- RECORDS FOR THIS TASK

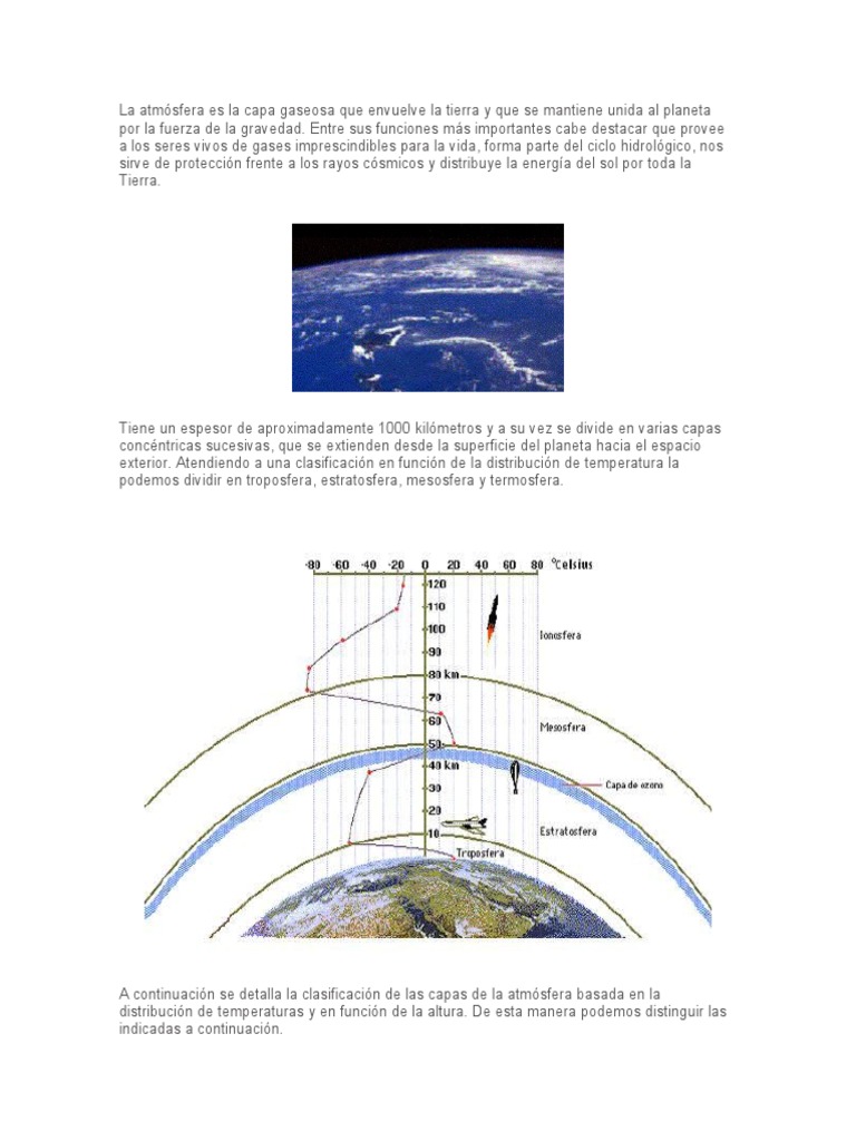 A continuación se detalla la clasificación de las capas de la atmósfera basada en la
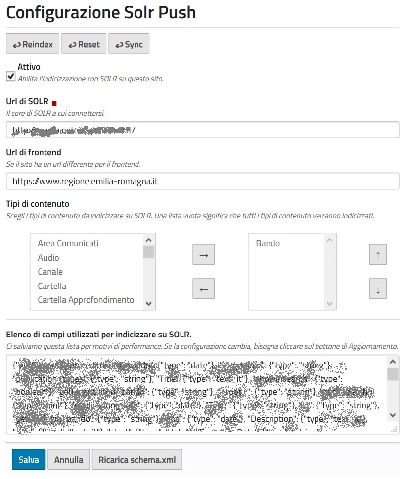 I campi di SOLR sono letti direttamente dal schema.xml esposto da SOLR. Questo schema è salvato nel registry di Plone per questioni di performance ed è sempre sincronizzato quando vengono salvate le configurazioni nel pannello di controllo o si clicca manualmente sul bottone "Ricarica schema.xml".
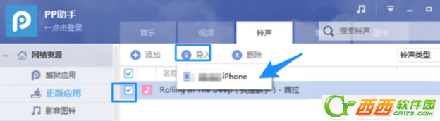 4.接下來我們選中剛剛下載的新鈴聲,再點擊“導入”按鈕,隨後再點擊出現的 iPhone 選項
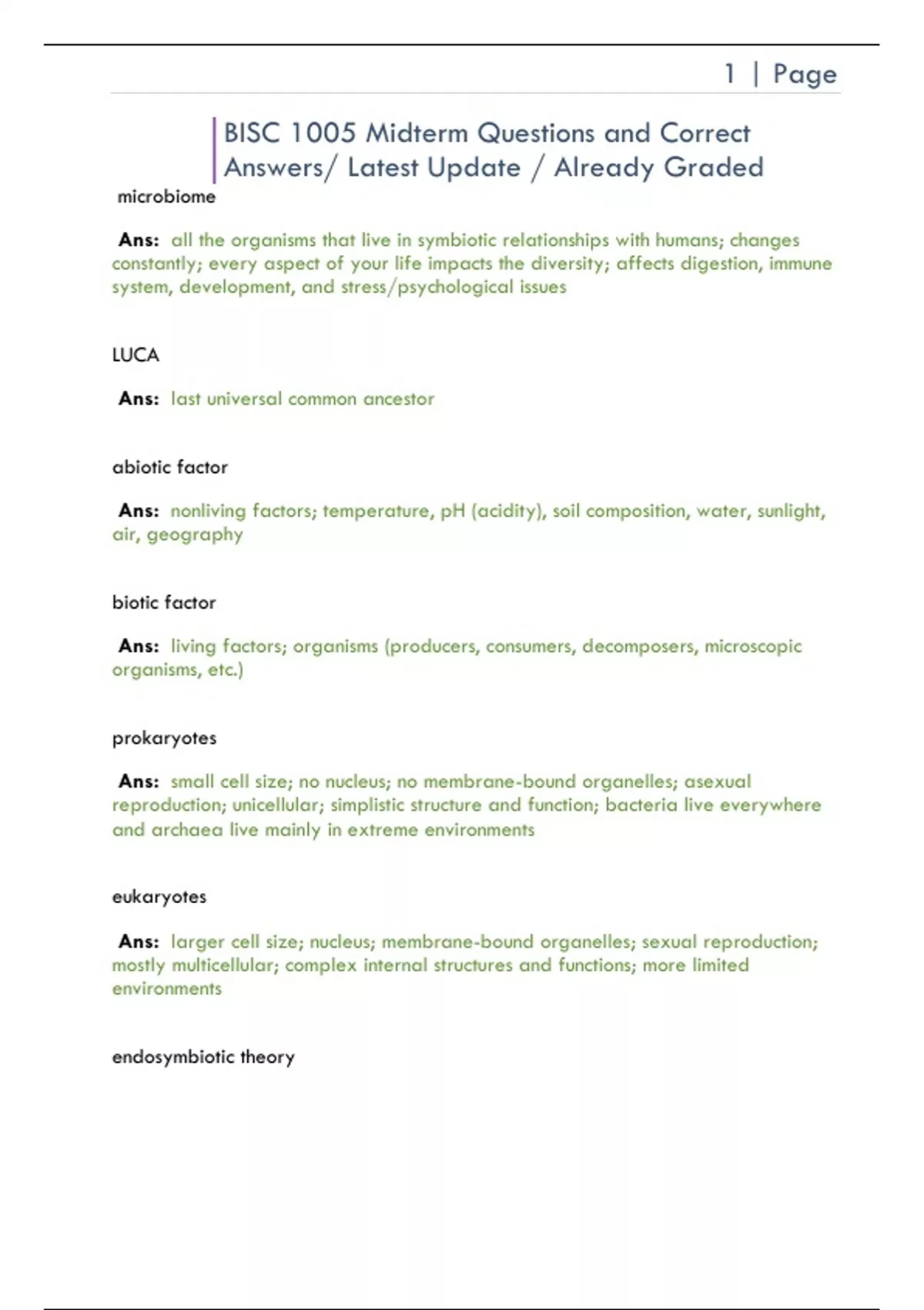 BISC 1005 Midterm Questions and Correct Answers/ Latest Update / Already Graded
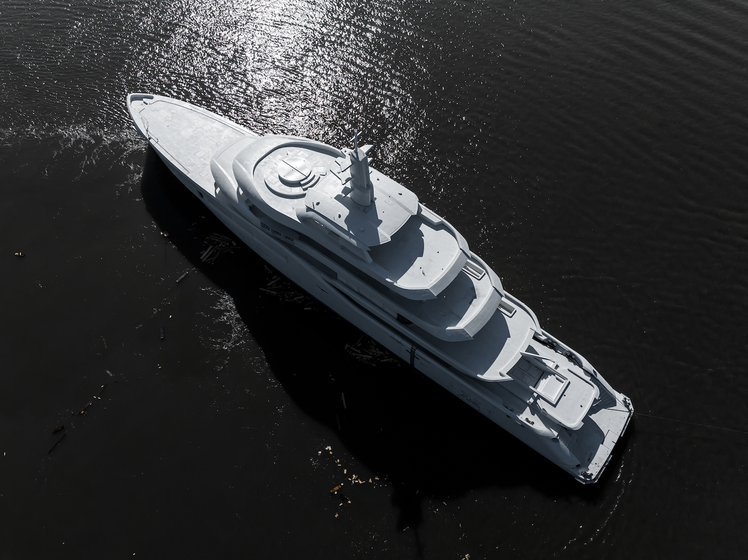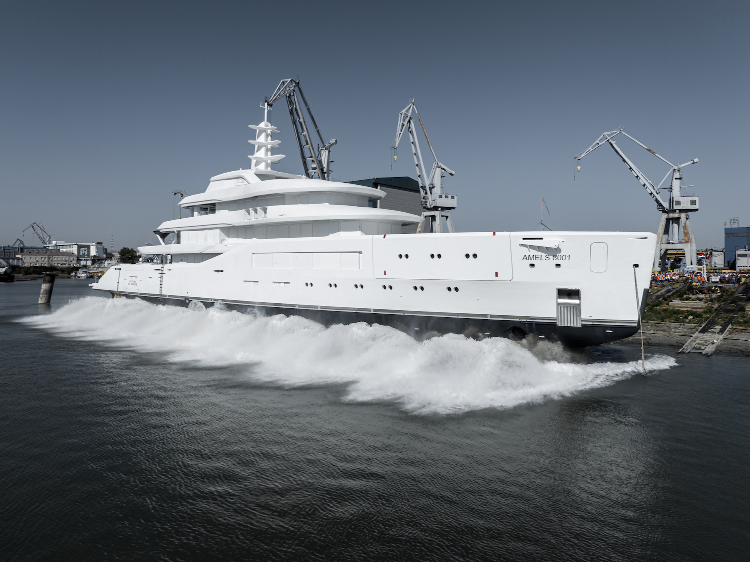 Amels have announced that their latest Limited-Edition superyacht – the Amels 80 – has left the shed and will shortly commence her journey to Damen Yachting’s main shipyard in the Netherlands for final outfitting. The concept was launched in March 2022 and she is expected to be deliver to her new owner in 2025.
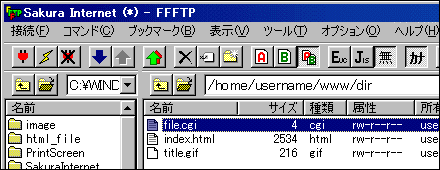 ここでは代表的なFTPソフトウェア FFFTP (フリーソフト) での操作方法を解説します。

...

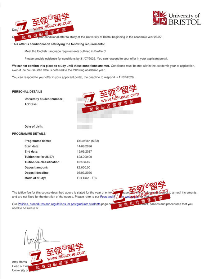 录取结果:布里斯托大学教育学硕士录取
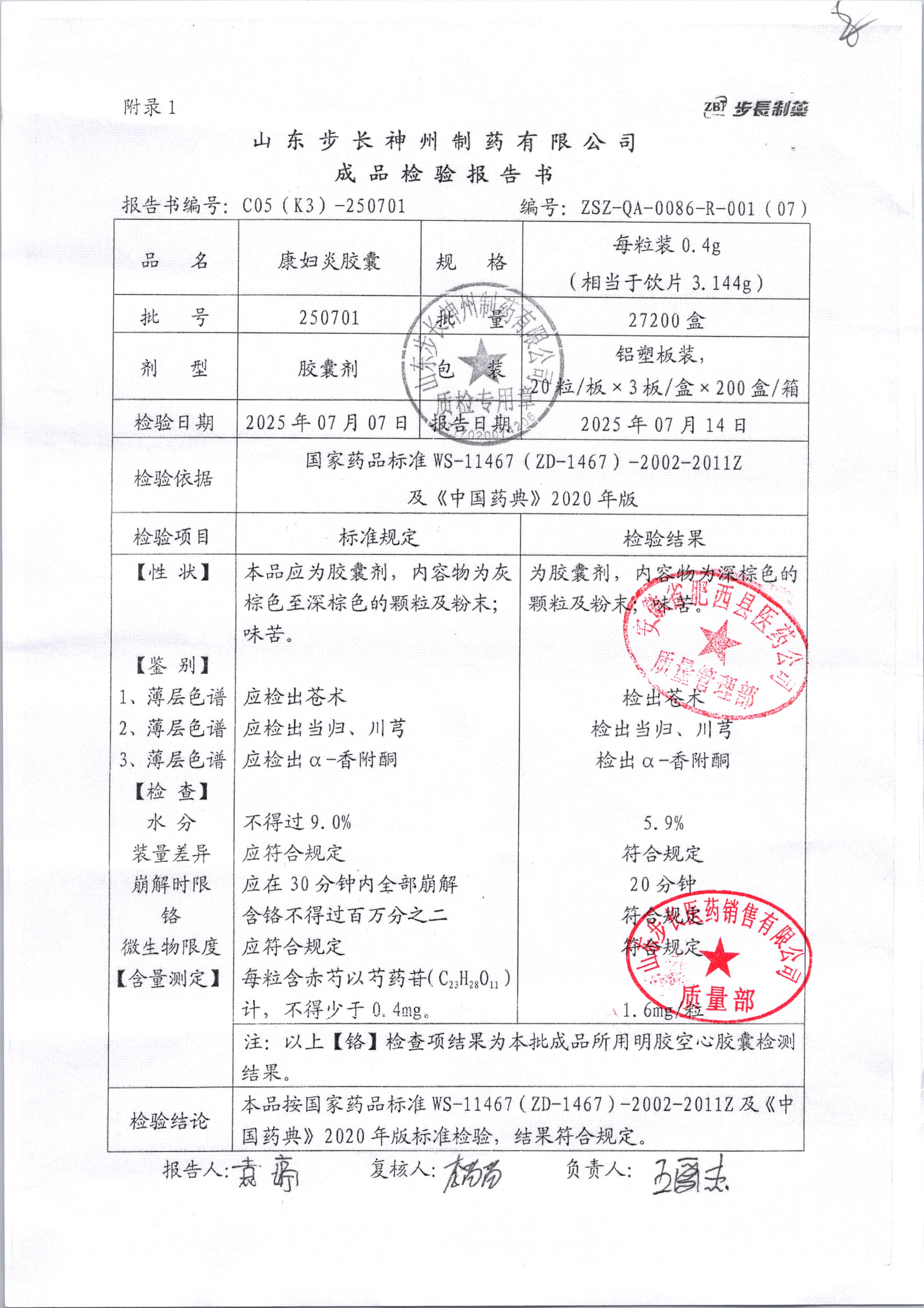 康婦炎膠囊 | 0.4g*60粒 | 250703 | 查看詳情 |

- TASK TO COMPLETE
From the line holding "A continuación se" to the line holding "ここでは代表的なFTPソフトウェア FFFTP (フリーソフト)", both included, retype the entries above exactly and drop the pictures.

- RESULT OF THE EXERCISE
 A continuación se detalla la clasificación de las capas de la atmósfera basada en la
 I campi di SOLR sono letti direttamente dal schema.xml esposto da SOLR. Questo schema è salvato nel registry di Plone per questioni di performance ed è sempre sincronizzato quando vengono salvate le configurazioni nel pannello di controllo o si clicca manualmente sul bottone "Ricarica schema.xml".
 4.接下來我們選中剛剛下載的新鈴聲,再點擊“導入”按鈕,隨後再點擊出現的 iPhone 選項
 BISC 1005 Midterm Questions and Correct Answers/ Latest Update / Already Graded
 Amels have announced that their latest Limited-Edition superyacht – the Amels 80 – has left the shed and will shortly commence her journey to Damen Yachting’s main shipyard in the Netherlands for final outfitting. The concept was launched in March 2022 and she is expected to be deliver to her new owner in 2025.
 ここでは代表的なFTPソフトウェア FFFTP (フリーソフト) での操作方法を解説します。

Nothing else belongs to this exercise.